First contested in Wellington with their introduction to the A-League in 2007–08, this fixture is considered one of the longest away trips in world football for a domestic top-flight competition, with the distance between the two cities (which themselves are in different countries) being 5,225km. Since 2015–16, the two teams have contested the "Long Distance Derby Cup", which is awarded to the team with the best results from the three regular season fixtures between them.

Organisation

Logo and trophies

The current A-League logo was unveiled in January 2017 by Football Federation Australia. The logo formed part of a wider rebranding branding of the A-League and its subsidiary competitions, the W-League and Youth League. The logo design was "inspired by football's three outstanding features – atmosphere, diversity and unity" and has colour alterations tailored to each of the 12 A-League clubs. The changes came into effect before the 2017/18 season. The original A-League logo was designed by Coast Design Sydney. It was the inaugural logo of the league. The two-toned ochre colours represented the sun, earth and desert while the 'glow' emanating from the centre of the logo depicted the playing season's spring and summer time span. The eight 'A' figures that made up the ball shape represented the eight foundation clubs of the league. A-league decided to rebrand with a new logo in 2021 designed by R/GA, a creative agency in Sydney, leading to a major controversy and narrowly avoided legal trouble with building company in Adelaide over design similarities.

The A-League has two trophies which are competed for during the season: the Premier's Plate and the A-League Trophy. The Premier's Plate is awarded to the A-League Premiers, the regular season winners, and the A-League Trophy is awarded to the A-League Champions, the winner of the Grand Final. Both pieces of silverware were designed by Sydney design company D3 Design. The A-League Trophy is nicknamed the "Toilet Seat" due to its shape. Where as the Premier's Plate follows a traditional trophy design, the A-League Trophy differs. In 2005, John O'Neill, FFA CEO commented during the unveiling of the A-League Trophy, "We have a new national league and we feel it is important to re-define the conventional view of a trophy to reflect this". Clive Solari of D3 Design explained the trophy's design, saying "We wanted our trophy concept to embody the historical significance of sport in a contemporary design.
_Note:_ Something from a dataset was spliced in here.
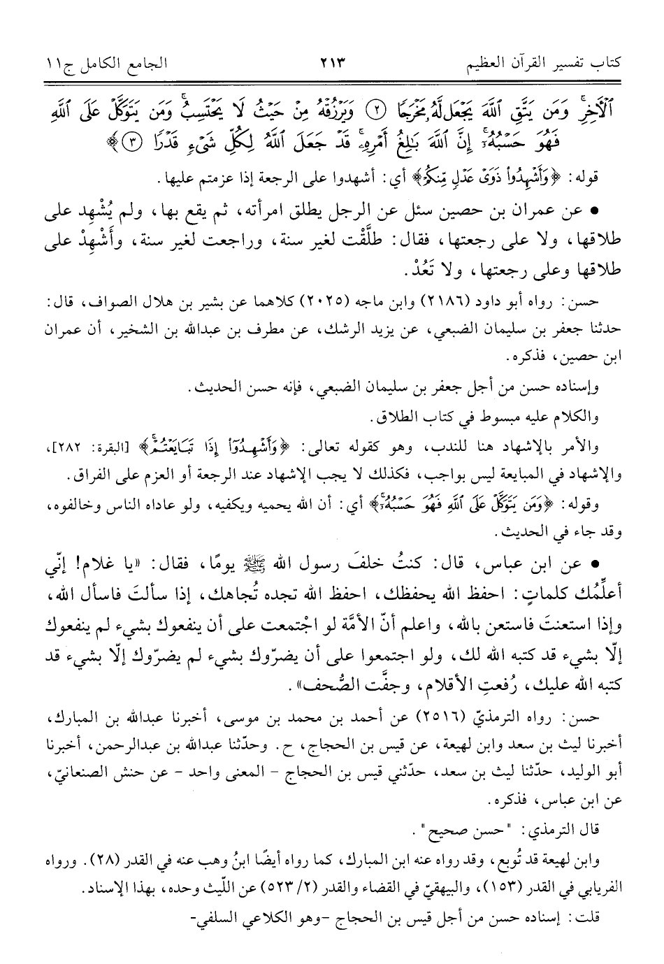 حسن: رواه الترمذيّ (٢٥١٦) عن أحمد بن محمد بن موسى، أخبرنا عبد الله بن المبارك، أخبرنا ليث بن سعد وابن لهيعة، عن قيس بن الحجاج، ح. وحدّثنا عبد الله بن عبد الرحمن، أخبرنا أبو الوليد، حدّثنا ليث بن سعد، حدّثني قيس بن الحجاج - المعنى واحد - عن حنش الصنعانيّ، عن ابن عباس، فذكره.

So we looked to history to see how great achievements have been rewarded across all types of games for thousands of years. The winners of the world's original sporting competition, the Olympic Games, were presented with a laurel wreath on their heads. We used this model as a basis for a unique, cutting-edge design – our trophy is a modern and versatile translation of the wreath. The winners can hold it above their heads as a symbol of success".
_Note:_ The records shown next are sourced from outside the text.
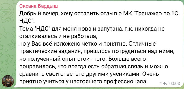 Доступ на 2 недели в закрытый чат телеграм, где даются практические задания по занесению данных в 1С Бухгалтерия 8 ред. 3.0.
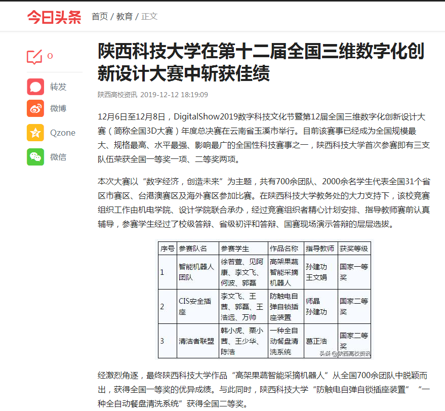 今日頭條APP:陜西科技大學在第十二屆全國三維數字化創新設計大賽中斬獲佳績
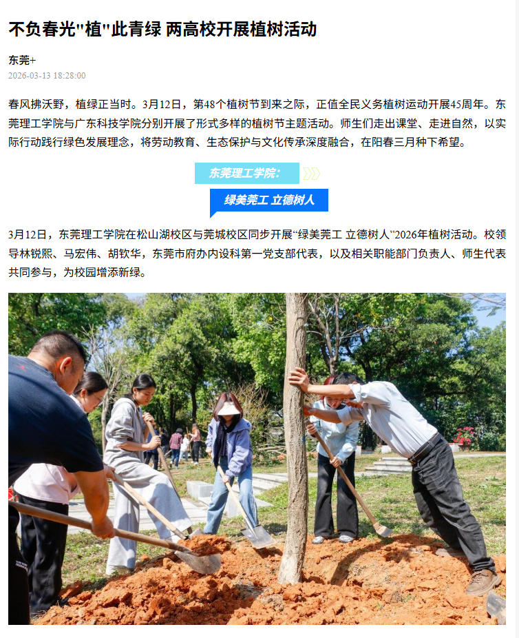 3月12日,开云kaiyun官方网站在松山湖校区与莞城校区同步开展“绿美莞工 立德树人”2026年植树活动。校领导林锐熙、马宏伟、胡钦华,东莞市府办内设科第一党支部代表,以及相关职能部门负责人、师生代表共同参与,为校园增添新绿。

Squad formation and salary cap

The A-League match-day squad includes the typical 11 players, and five substitutes of which one must be a goalkeeper. Prior to the 2013–14 season, just four substitutes including one goalkeeper were allowed to be named in the starting line-ups for the teams.
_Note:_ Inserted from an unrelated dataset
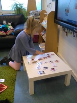 We zoeken woordkaartjes bij de voorwerpen. Zijn ze hetzelfde? Soms zien dingen er op een plaatje heel anders uit, maar je noemt het toch hetzelfde.
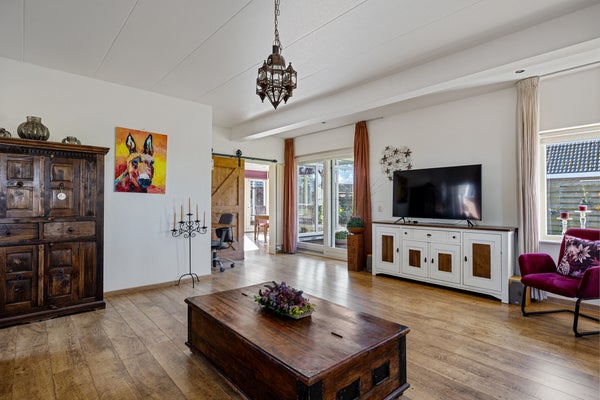 Deze royale, vrijstaande woning is gelegen aan de rand van het dorp aan een rustige, niet-doorgaande weg met uitzicht op de Noorderesch. Het perceel beslaat ca. 568m² en beschikt over een eigen oprit en een zongerichte tuin. De woning is voorzien van HR++ beglazing en heeft muur- en dakisolatie, wat resulteert in energielabel B dankzij zonnecollectoren die het energieverbruik verlagen. De achtertuin biedt een terras met overkapping en een ruime, aangebouwde stenen garage.

An A-League squad must comprise a minimum of 20 players with a maximum of 26, subject to several limitations. Within the squad, there can be a maximum of five "foreign" or "Visa" players, from outside Australia (and New Zealand, in the case of Wellington Phoenix), that hold a temporary working-visa. Three players in the squad must also be under 20 years of age. In addition to these three under 20 players, clubs are allowed to sign an additional three youth players onto full-time contracts at a lower pay rate than the rest of the squad. The A-League had initially proposed that the quota of five visa players per A-League club be reduced to four in the 2015–16 season, with the limit of four possibly become "3+1", which means three imports from anywhere and one from Asia (following regulations in the AFC Champions League). However, after opposition to the proposal by both players and managers, the move was placed on hold.

Although A-League clubs have restricted salaries (salary cap), the league allows each club to have two "marquee" players whose salaries are exempt from the cap, plus a number of other 'exemptions' or 'allowances' to incentivise clubs to spend in specific areas. Guest players are also excluded for up to a maximum of 14 league matches. From the formation of the league, clubs have been allowed to sign one international marquee player. From the 2008–09 season, A-League clubs have been permitted a junior marquee player; one that is under the age of 23. Now known as the 'Homegrown Player allowance', clubs can spend up to a collective $150,000 on three Australian players aged 23 or younger that have come through the club's youth system. On 19 April 2010, the A-League announced that, in addition to the international marquee and junior marquee, clubs would be allowed an Australian marquee player from the 2010–11 season. Notable marquee and guest players in the A-League have included Alessandro Del Piero, William Gallas, Dwight Yorke, Keisuke Honda, Damien Duff, Emile Heskey, Robbie Fowler, Shinji Ono, David Villa and former FIFA World Player of the Year Romário. Famous Australian Marquees include Harry Kewell, John Aloisi, Brett Emerton, Joshua Kennedy and Tim Cahill. From the 2021–22 A-League Men season, the league added a designated player slot, whose salary is exempt from the cap, but must be $300,000–$600,000 per season. The following season, the league added a second designated player slot for each club.

Commencing in the 2015–16 season, players who have played at their club for 5–10 years will be covered by a "loyalty player allowance", allowing up to $200,000 of their salary to be exempted from the cap. Additionally, clubs are now permitted a mature-age rookie whose wages are outside the salary cap.

The 2016–17 season saw the introduction of a third 'Full Season Guest Marquee' spot, designed to attract high-profile players on short-term deals.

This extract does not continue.